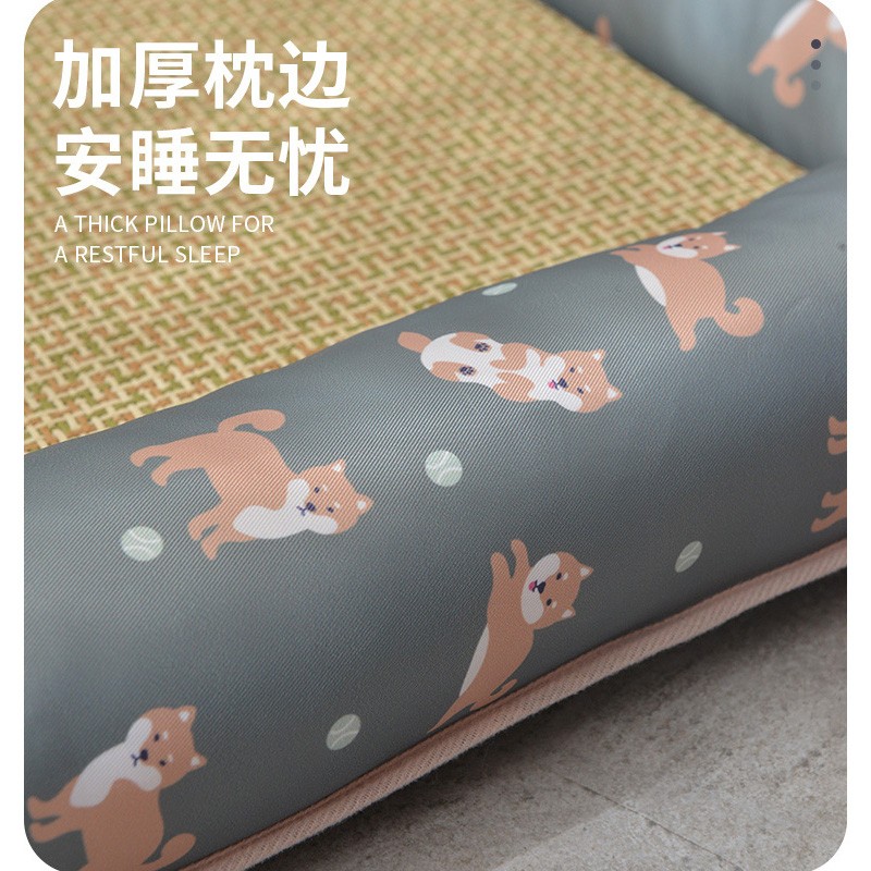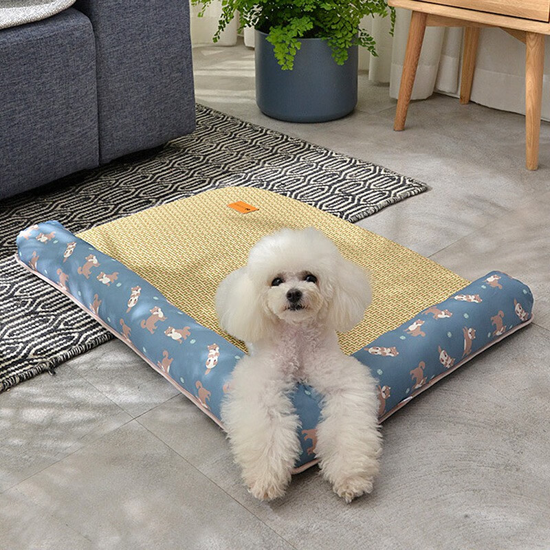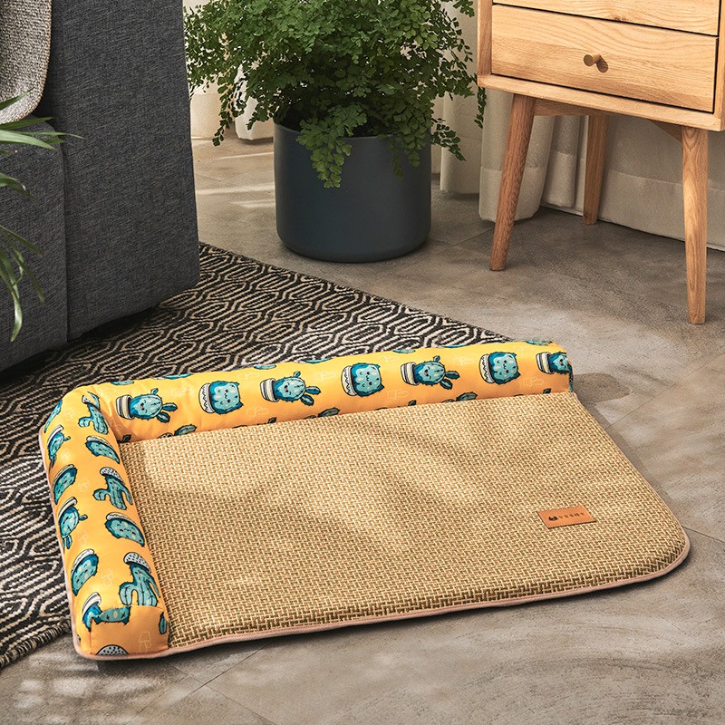 网红高级宠物狗窝猫窝夏季凉窝夏天凉席地垫子猫咪小型犬泰迪柯基 黄色仙人掌 XL-80×60CM-建议45斤内
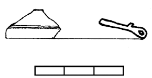 Ulomak prstenastog cjevastog dna stopice pehara na nozi, prozirno zelenkasto staklo.
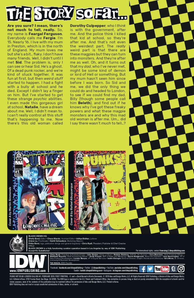 This week marks the return of one of my absolute favourite comics from last year, Punks Not Dead and I couldn’t be happier than to see its return. After the events of volume 1, our newly magically endowed baby punk Fergie is on the run, pursued by the cops in relation to the murder of his bully, chased down by evil magpies and an ancient witchy bitch of a Mod queen from some shady government operation.
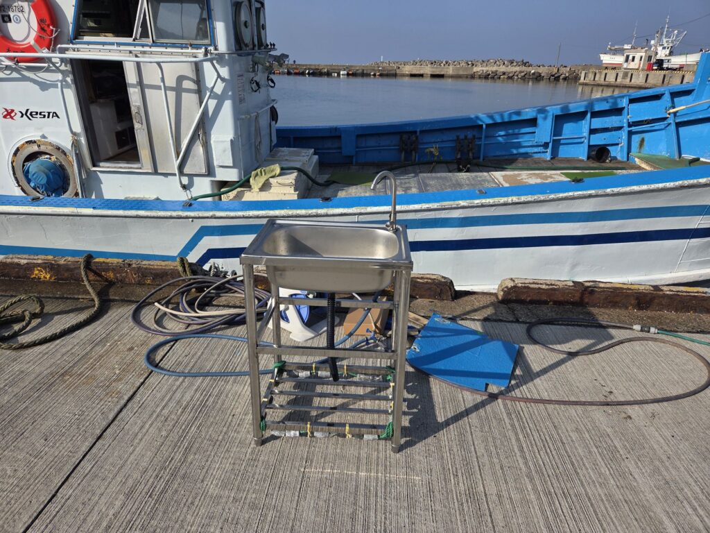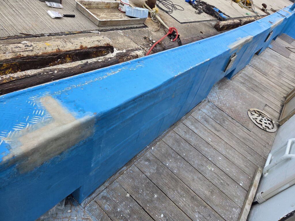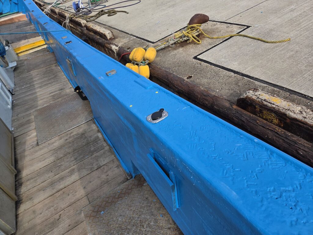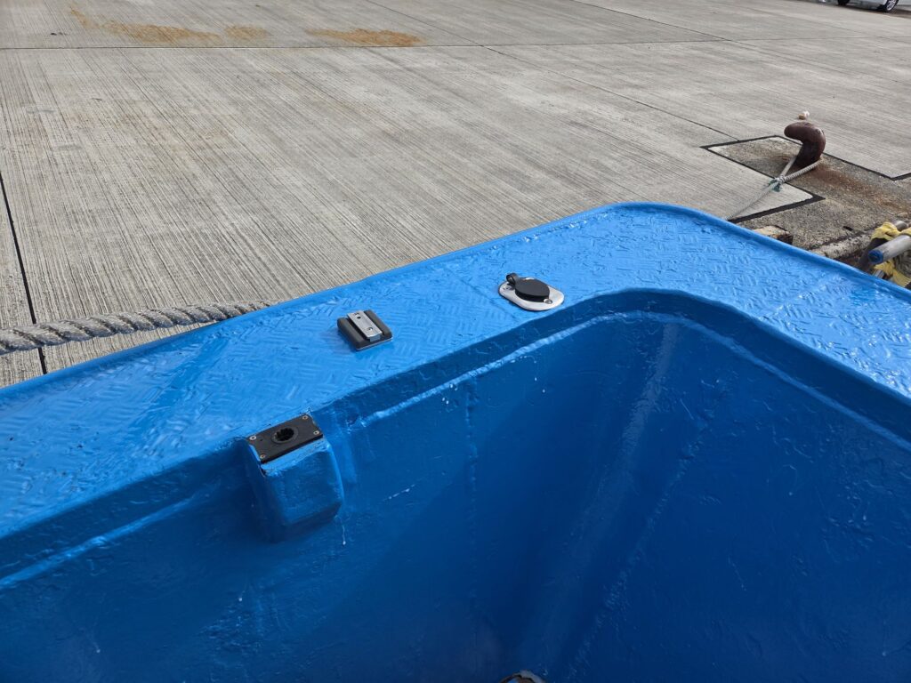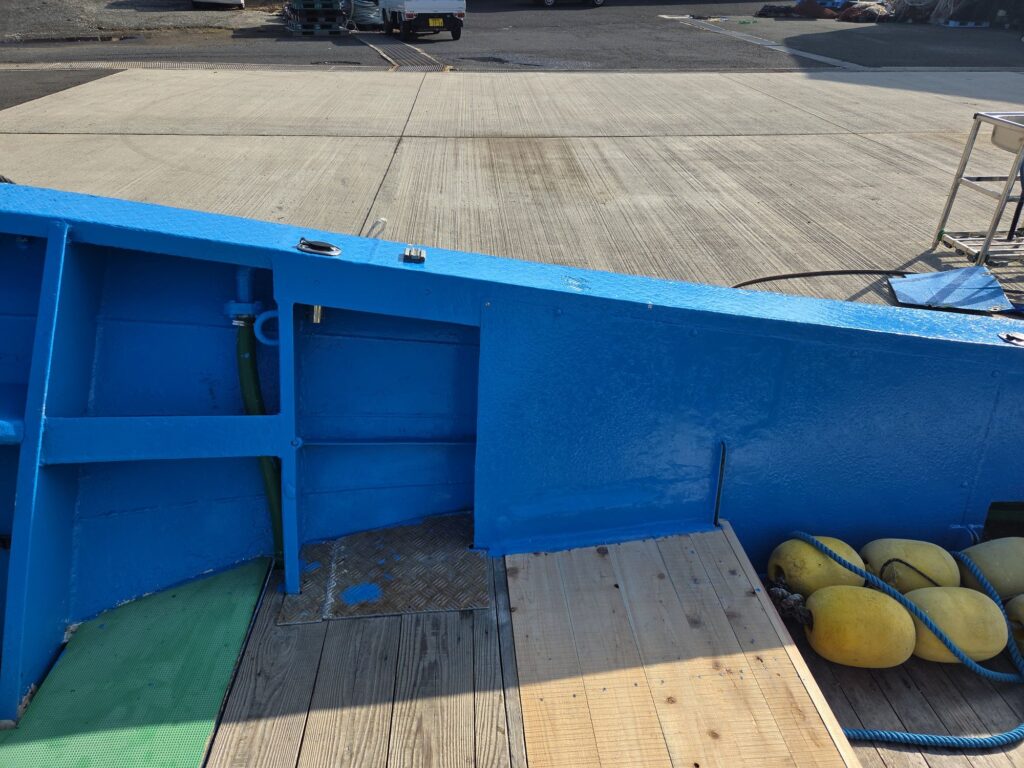 しばらくの間は船に乗る時には気をつけて乗ってください、ペンキが新しいと滑ります。
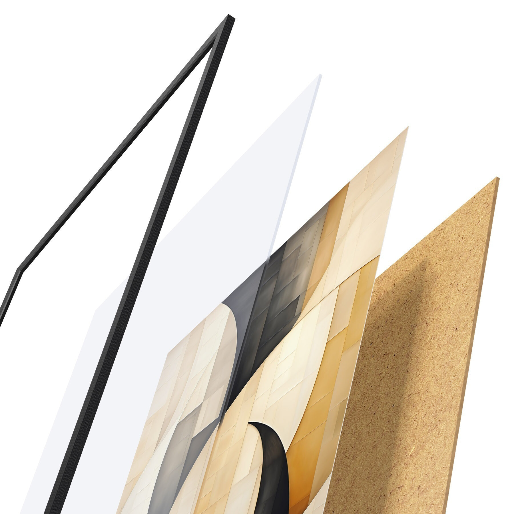 L’affiche encadrée est composée d’un cadre, d’un plexiglas, d’une image imprimée et d’un support en aggloméré. Elle est prête à être accrochée au mur grâce aux fixations situées à l’arrière.
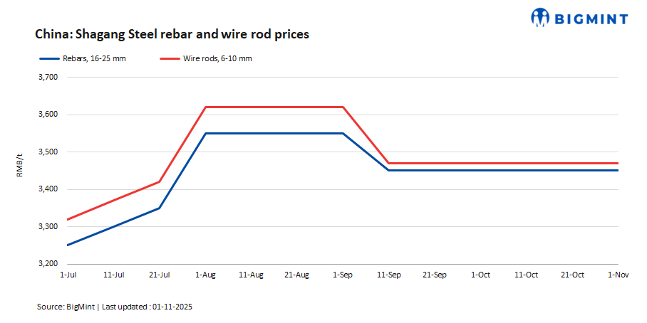 China’s Shagang Steel rolled over long steel prices for early-Nov’25 sales. Prices of rebars, coiled rebars and wire rods are as follows:
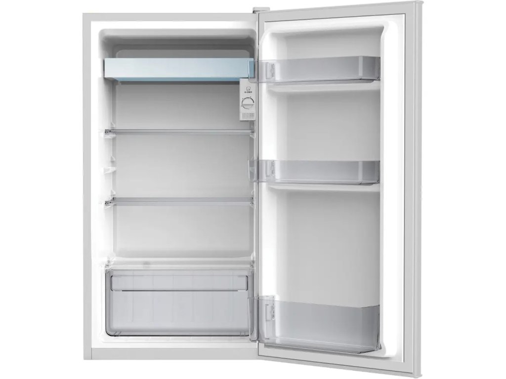 Vnitřek jednodveřové chladničky CANDY je bohatě zásobený praktickými úložnými prostory, přihrádkami ve dveřích, skleněnými policemi i zásuvkou na zeleninu. Neobsahuje mrazák. Využívá technologii statického chlazení s rovnoměrným rozváděním vzduchu, což prodlužuje čerstvost potravin.
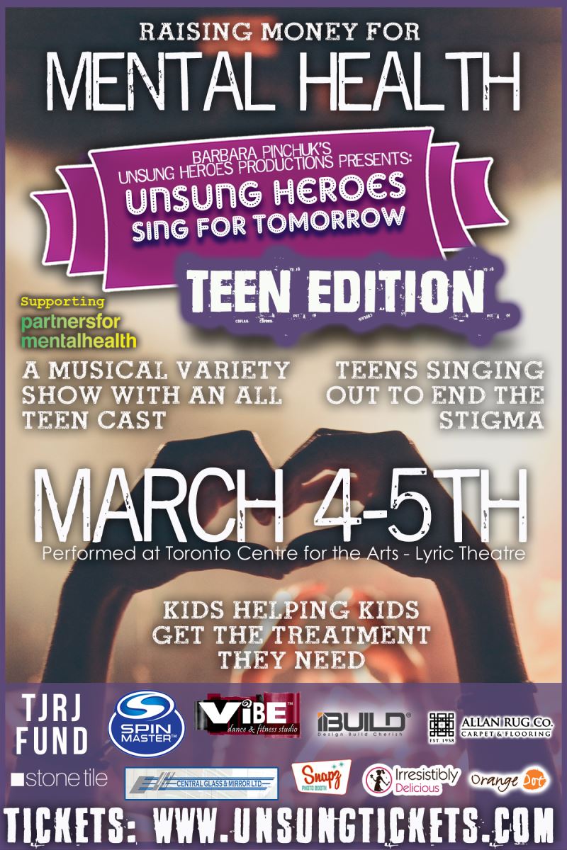 For two performances only, on March 4th and 5th, Unsung Heroes Productions presents: Unsung Heroes – Sing for Tomorrow Teen Edition! This is a musical revue show starring kids helping kids! Raising money to build awareness and improve access to care for youth mental health through Partners for Mental Health.
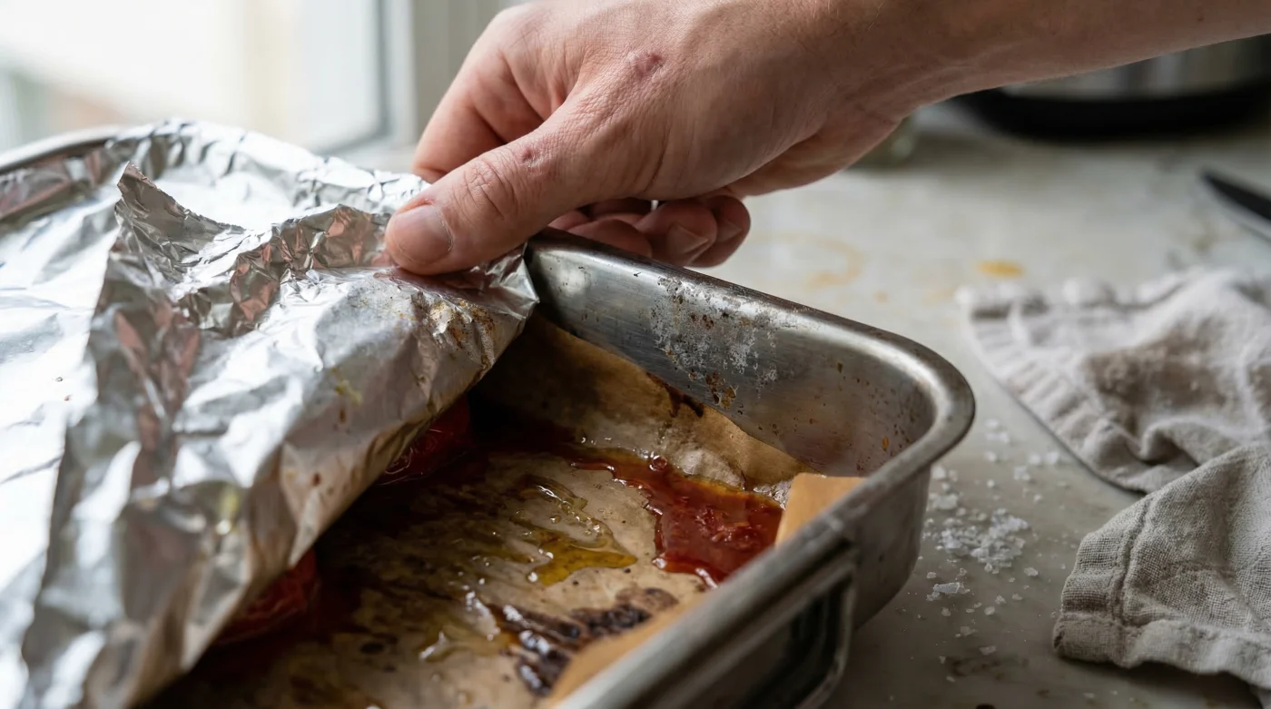 To fully comprehend why this long-standing kitchen standard must be overturned, we must look closely at the underlying science of thermal oxidisation. When you expose standard Aluminium Foil to acidic ingredients—such as sharp citrus fruits, crushed tomatoes, balsamic vinegar, or a white wine reduction—and then introduce oven temperatures exceeding 180 degrees Celsius, a fierce chemical reaction is triggered. The natural acid effectively eats away at the vulnerable molecular structure of the foil, dissolving the aluminium polymer directly into the food’s natural juices. Experts advise that this reaction not only introduces a harsh, astringent metallic tang to your carefully prepared dishes but also significantly increases your undetected dietary intake of heavy metals over time.
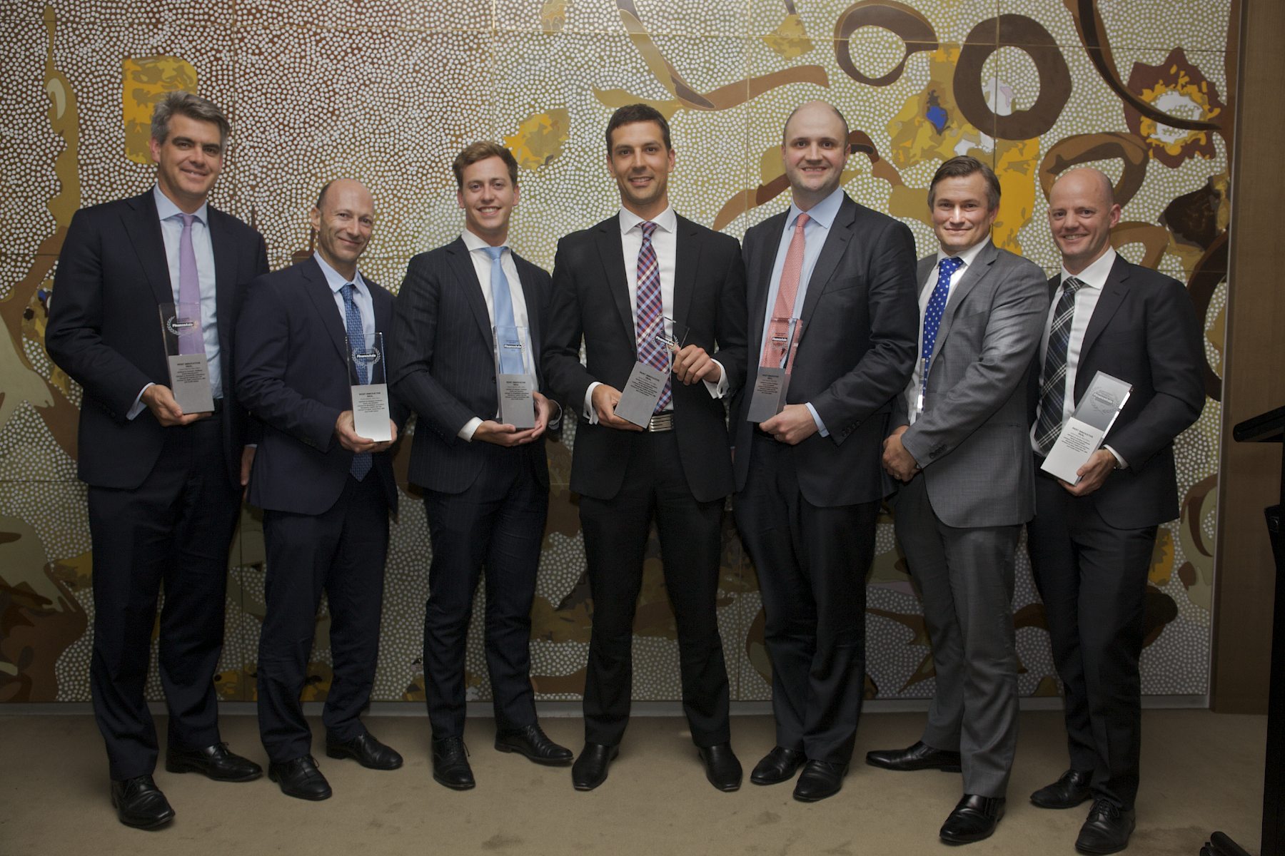 Qube's Paul Lewis and Brookfield's Ray Neill with advisors collect the Most Innovative Deal award
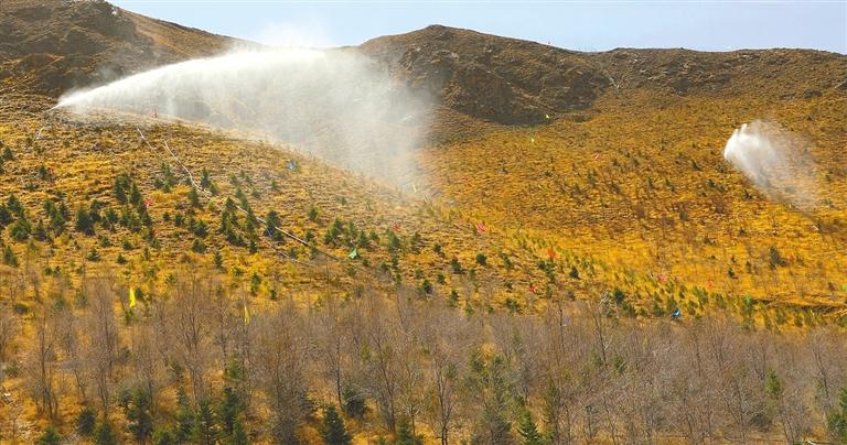 圖為拉薩南北山綠化工程的自動(dòng)智能澆水系統(tǒng)在給寶瓶山樹(shù)林澆水。 記者 格桑倫珠 實(shí)習(xí)生 達(dá)娃宗巴 攝

□ □ □ □

EXERCISE GOAL:
An exact repeat of the listing above, pictures excluded, is the answer.

FINAL ANSWER:
 网红高级宠物狗窝猫窝夏季凉窝夏天凉席地垫子猫咪小型犬泰迪柯基 黄色仙人掌 XL-80×60CM-建议45斤内
 Ulomak prstenastog cjevastog dna stopice pehara na nozi, prozirno zelenkasto staklo.
 This week marks the return of one of my absolute favourite comics from last year, Punks Not Dead and I couldn’t be happier than to see its return. After the events of volume 1, our newly magically endowed baby punk Fergie is on the run, pursued by the cops in relation to the murder of his bully, chased down by evil magpies and an ancient witchy bitch of a Mod queen from some shady government operation.
 しばらくの間は船に乗る時には気をつけて乗ってください、ペンキが新しいと滑ります。
 L’affiche encadrée est composée d’un cadre, d’un plexiglas, d’une image imprimée et d’un support en aggloméré. Elle est prête à être accrochée au mur grâce aux fixations situées à l’arrière.
 China’s Shagang Steel rolled over long steel prices for early-Nov’25 sales. Prices of rebars, coiled rebars and wire rods are as follows:
 Vnitřek jednodveřové chladničky CANDY je bohatě zásobený praktickými úložnými prostory, přihrádkami ve dveřích, skleněnými policemi i zásuvkou na zeleninu. Neobsahuje mrazák. Využívá technologii statického chlazení s rovnoměrným rozváděním vzduchu, což prodlužuje čerstvost potravin.
 For two performances only, on March 4th and 5th, Unsung Heroes Productions presents: Unsung Heroes – Sing for Tomorrow Teen Edition! This is a musical revue show starring kids helping kids! Raising money to build awareness and improve access to care for youth mental health through Partners for Mental Health.
 To fully comprehend why this long-standing kitchen standard must be overturned, we must look closely at the underlying science of thermal oxidisation. When you expose standard Aluminium Foil to acidic ingredients—such as sharp citrus fruits, crushed tomatoes, balsamic vinegar, or a white wine reduction—and then introduce oven temperatures exceeding 180 degrees Celsius, a fierce chemical reaction is triggered. The natural acid effectively eats away at the vulnerable molecular structure of the foil, dissolving the aluminium polymer directly into the food’s natural juices. Experts advise that this reaction not only introduces a harsh, astringent metallic tang to your carefully prepared dishes but also significantly increases your undetected dietary intake of heavy metals over time.
 Qube's Paul Lewis and Brookfield's Ray Neill with advisors collect the Most Innovative Deal award
 圖為拉薩南北山綠化工程的自動(dòng)智能澆水系統(tǒng)在給寶瓶山樹(shù)林澆水。 記者 格桑倫珠 實(shí)習(xí)生 達(dá)娃宗巴 攝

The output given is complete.